Various implementations can include one or more of the following
features. The sentiment analysis can pertain to sentiments about
one or more of: events, policies, products, companies, and people.
Content can be provided to the first member based at least in part
on the results from the sentiment analysis application. The content
can include advertisements or messages. Providing content to the
first member can include displaying the content to the first member
on a display of a computing device. The threshold number include a
minimum number of related members in the set of related members, or
a minimum fraction of the related members in the set of related
members. The estimated actual age for the first member can be used
to estimate an actual age for a related member in the set of
related members who has not declared an actual age. Educational
information provided by the first member can be examined and he
first member's actual age can be estimated based on the educational
information. The estimated actual age derived from the related
members' information can be compared with the estimated actual age
derived from the educational information to provide a more accurate
estimate of the first member's estimated actual age.
Various implementations can include one or more of the following
advantages. More accurate demographic information (e.g., age) can
be determined for a larger number of members of a social networking
website or a website having a social networking-like structure.
Once the members' demographic information has been determined, this
information can be used in different applications, such as
sentiment analysis to derive opinions by members in a particular
demographic category about particular events, policies, products,
companies, people, and so on. The demographic information for a
member can also be used as a criterion for what content to display
to the member, and to prevent inappropriate content from being
displayed.
The details of one or more embodiments are set forth in the
accompanying drawings and the description below. Other features and
advantages will be apparent from the description and drawings, and
from the claims.
DESCRIPTION OF DRAWINGS
FIG. 1 shows a schematic flowchart of a process for estimating an
actual age of a member of a website in accordance with one
embodiment of the invention.
Like reference symbols in the various drawings indicate like
elements.
DETAILED DESCRIPTION
The various embodiments of the invention stem from the realization
that on social networking websites or on websites with a social
networking-like structure, demographic information (e.g., the
actual age) of a member can often be estimated by examining
supplementary information provided by the member, instead of simply
relying on the demographic information provided by the member. The
principles for inferring demographic information will be described
below by way of example of inferring an actual age (as opposed to a
declared age) of a member of a social networking website, and with
reference to FIG. 1. It should however be clear that other types of
demographic information can also be inferred using similar
techniques, and that the embodiments described below are not to be
limited to estimates relating to a member's age.

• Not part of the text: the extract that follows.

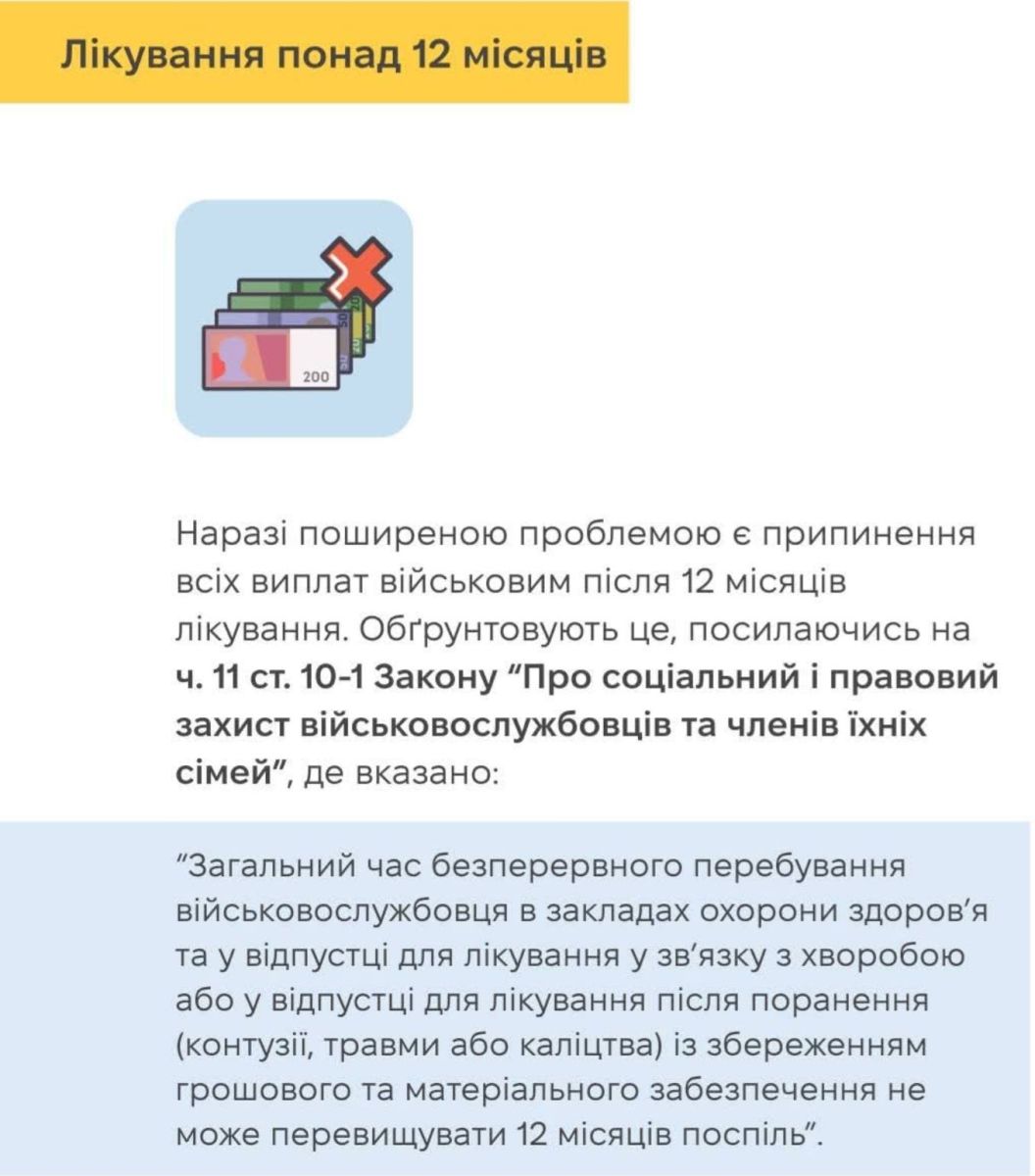 «Загальний час безперервного перебування військовослужбовця в закладах охорони здоров’я та у відпустці для лікування у зв’язку з хворобою або у відпустці для лікування після поранення (контузії, травми або каліцтва) із збереженням грошового та матеріального забезпечення не може перевищувати 12 місяців поспіль».

Generally, the processes in accordance with various embodiments of
this invention provide better estimates of member's actual ages
than previous approaches, which have primarily been focused on
determining the age of a member by performing content analysis of
blog posts or the like. In the following example, the website will
be referred to as a social networking website, but it should be
clear that the techniques described below are applicable to any
type of website that has a structure similar to a social networking
website and that allows members to create personal profiles and to
have a network of related members.
As can be seen in FIG. 1, in one embodiment, a process (100) for
estimating a member's actual age starts by examining whether the
member has declared his age (step 102). If the member has declared
an age, one or more additional checks can optionally be performed.

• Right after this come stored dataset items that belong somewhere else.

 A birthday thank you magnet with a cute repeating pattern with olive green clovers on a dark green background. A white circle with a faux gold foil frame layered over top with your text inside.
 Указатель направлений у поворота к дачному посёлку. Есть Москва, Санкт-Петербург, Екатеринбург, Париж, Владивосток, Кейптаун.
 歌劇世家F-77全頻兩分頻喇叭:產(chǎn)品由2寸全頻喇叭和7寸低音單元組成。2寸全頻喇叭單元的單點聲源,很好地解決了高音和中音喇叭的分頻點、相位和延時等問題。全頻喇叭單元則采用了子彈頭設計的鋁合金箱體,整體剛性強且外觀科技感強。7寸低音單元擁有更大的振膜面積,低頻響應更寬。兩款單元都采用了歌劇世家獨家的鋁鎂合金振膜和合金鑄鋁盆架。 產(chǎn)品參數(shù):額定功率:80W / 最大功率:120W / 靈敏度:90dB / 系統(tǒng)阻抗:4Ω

For example, the process can examine whether the member's declared
age is within a preset range, which may be based on the type or
focus of the social networking website. For example, for some
social networking websites, about 12-70 years old works well as an
age range. If the member's declared age falls outside this range,
then it is more likely that the member has not declared his actual
age. The process then continues to step 108, where the declared age
is used as the estimated actual age, and the process ends.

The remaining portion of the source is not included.